> **Given data**:
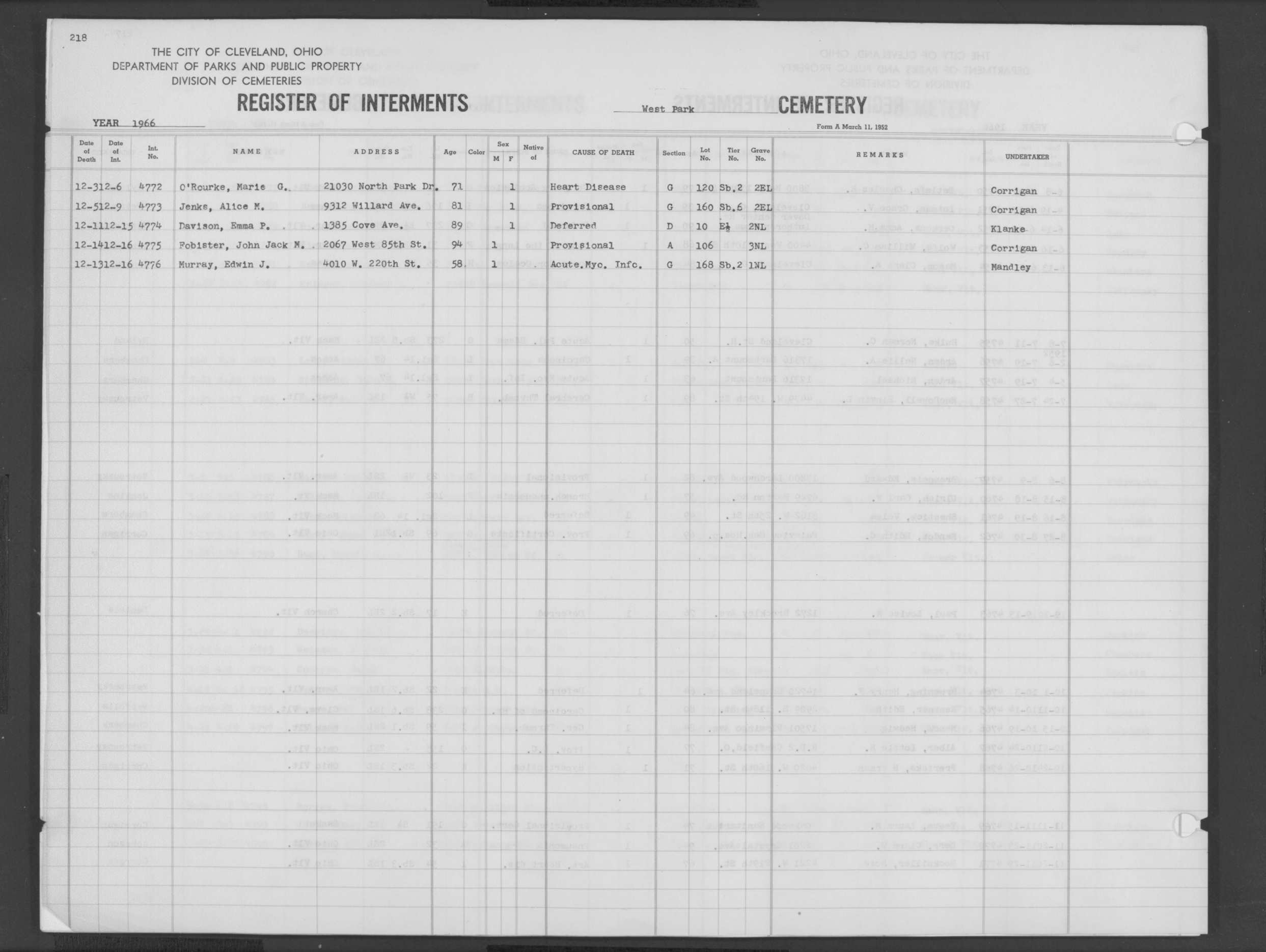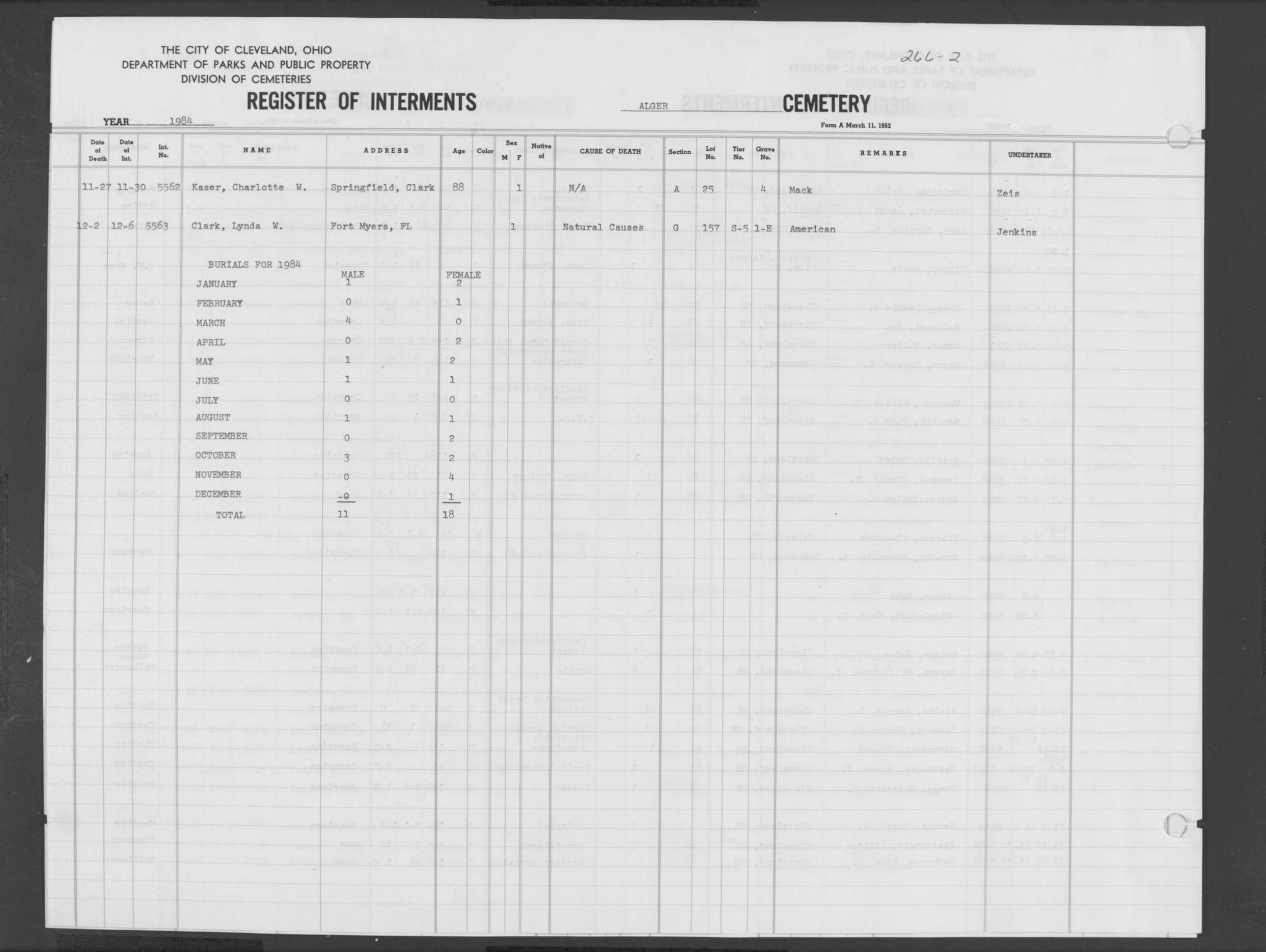 | Alger | 1 | 217 | Oct | 21 | 1966 | Oct | 24 | 1966 | 4767 | Alber, Lottie M | 77y | F | ||
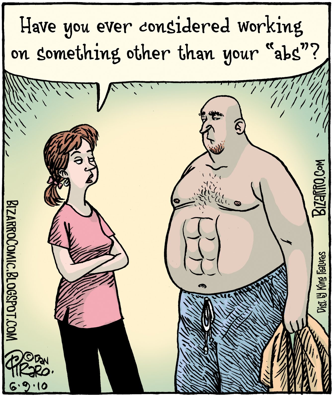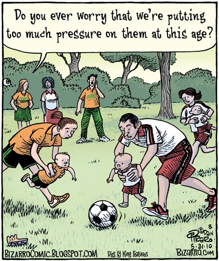 Bizarro is brought to you today by Labor Pains.I like this cartoon because I don't like people who take their kids too seriously. It is natural to think your baby is special: smarter, cuter, cleverer, stronger, faster, quicker, more intelligent, more talented. It's fine, it feels good, it's as it should be, but it is important to realize that it isn't true. It is a simple trick of evolution. If we weren't irrationally in love with our own babies, we'd kill them the first time they woke us ...
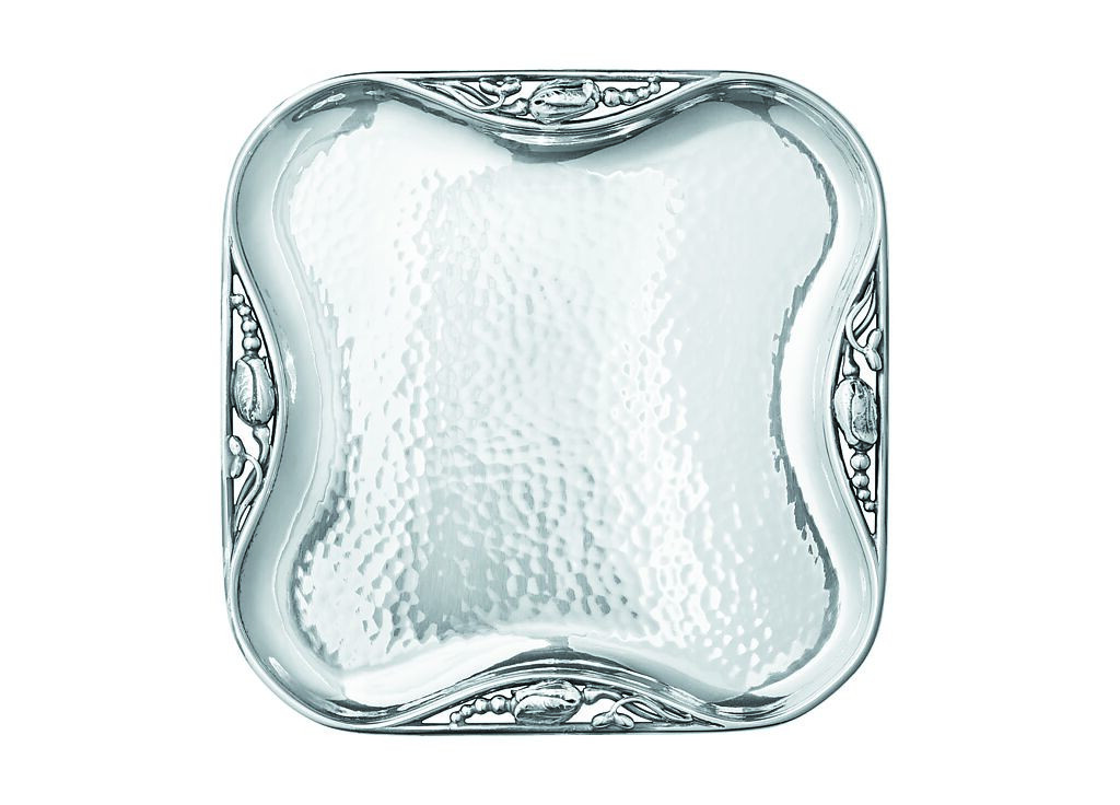 喬治傑生BLOSSOM TABLE 120周年紀念款木蘭花純銀方盤,21萬元。(GEORG JENSEN提供)
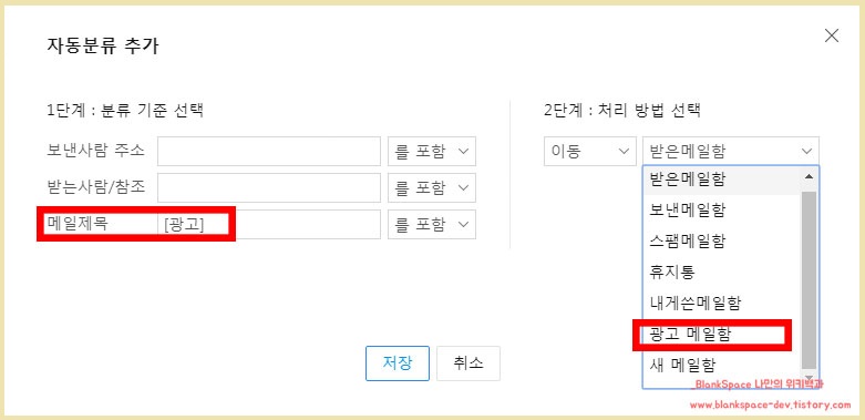 저는 메일제목이 [광고]일 경우에 아까 만든 광고 메일함으로 자동으로 이동하도록 설정할께요.
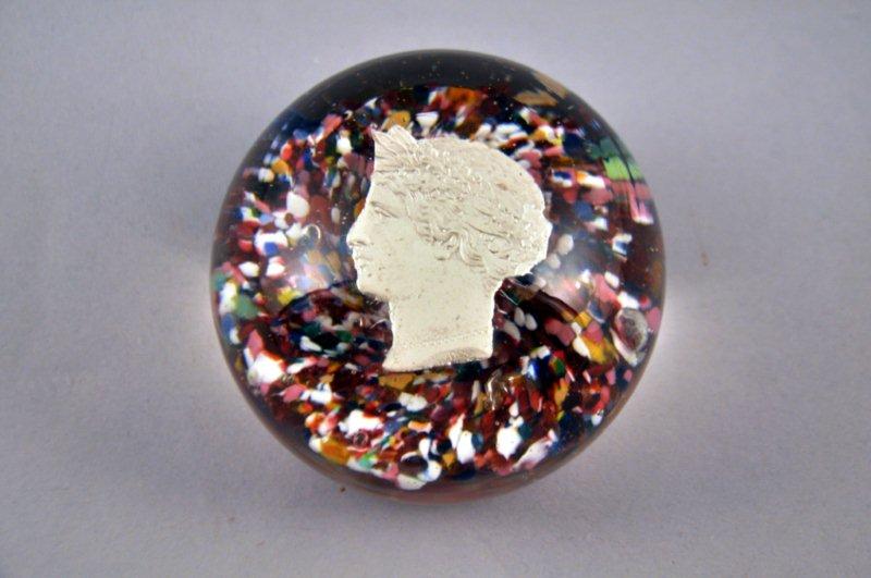 PRESSE-PAPIERS SULFURE en verre, ornée d'un profil argenté couronné de lauriers sur un semi de fleurs
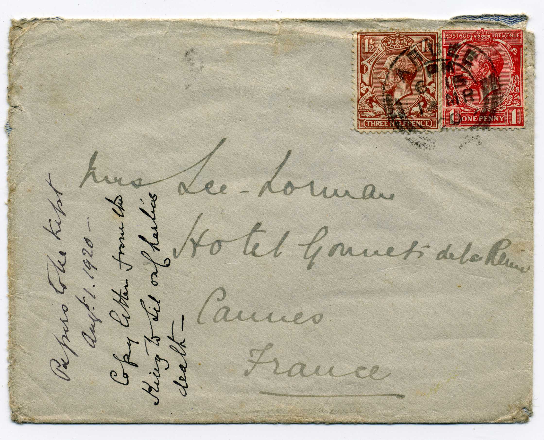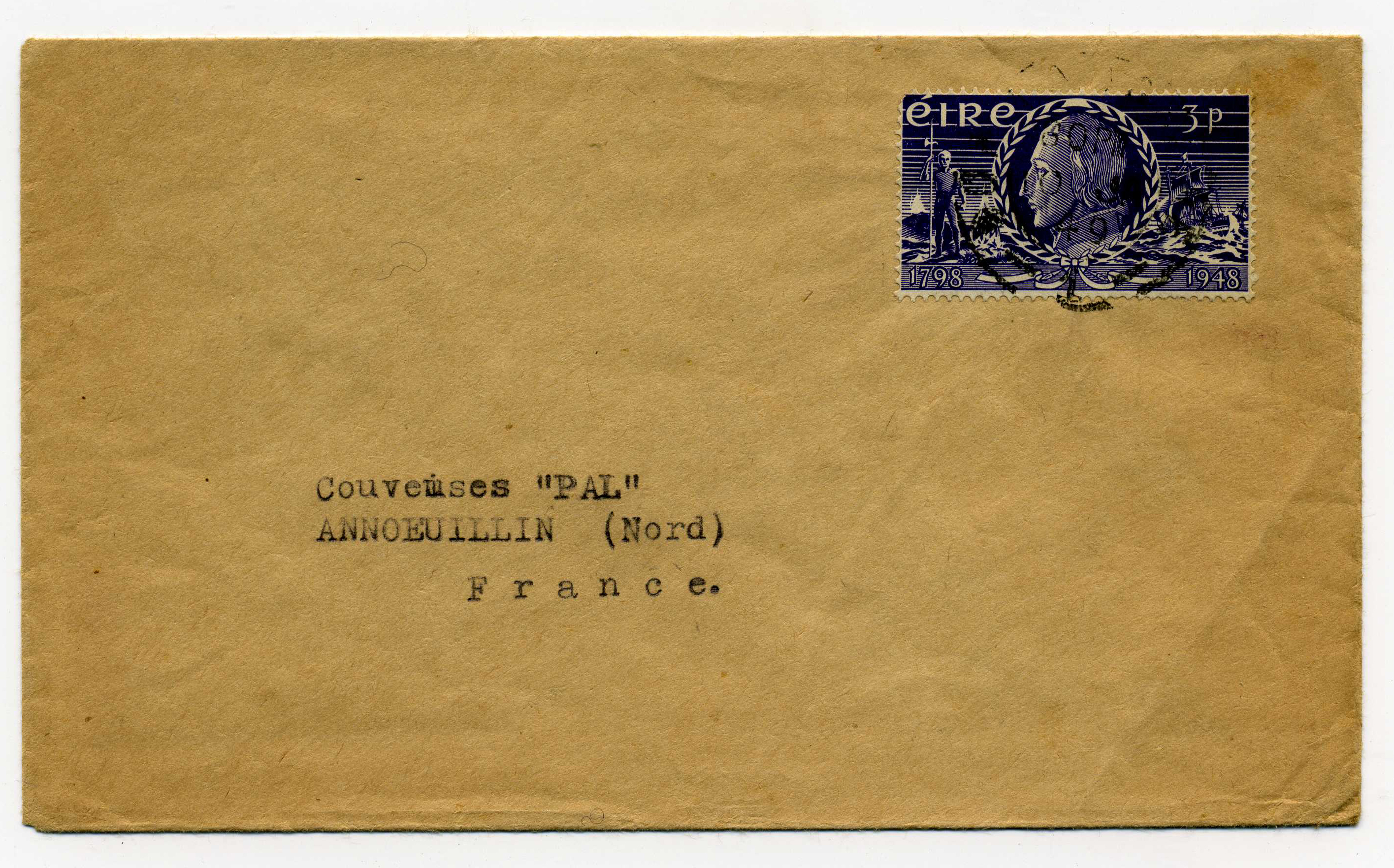 PH035.5 Image | Cover addressed to France bearing 1d and 1½d adhesives tied Ardee cds
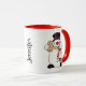 Ajoutez une touche de Whimsy et de Fun à vos matins avec cette adorable Mug Snowman ! Cette Charming Christmas Mug présente un bonhomme de neige qui est trop mignon! Il tient un Père Noël Mug plein à flot avec de la crème fouettée. Il tient aussi un biscuit Homme en pain d'épices. Vous pouvez facilement personnaliser cette Mug Snowman en ajoutant votre propre nom! Personnalisez cette Mug Festive de Noël à votre coeur contenu!

> **What you are asked to do**:
Would you give again, exactly, the lines in the data above that run from the line containing "저는 메일제목이 [광고]일" to the line containing "PH035.5 Image |"? Include both ends and no pictures.

> **Written solution**:
 저는 메일제목이 [광고]일 경우에 아까 만든 광고 메일함으로 자동으로 이동하도록 설정할께요.
 PRESSE-PAPIERS SULFURE en verre, ornée d'un profil argenté couronné de lauriers sur un semi de fleurs
 PH035.5 Image | Cover addressed to France bearing 1d and 1½d adhesives tied Ardee cds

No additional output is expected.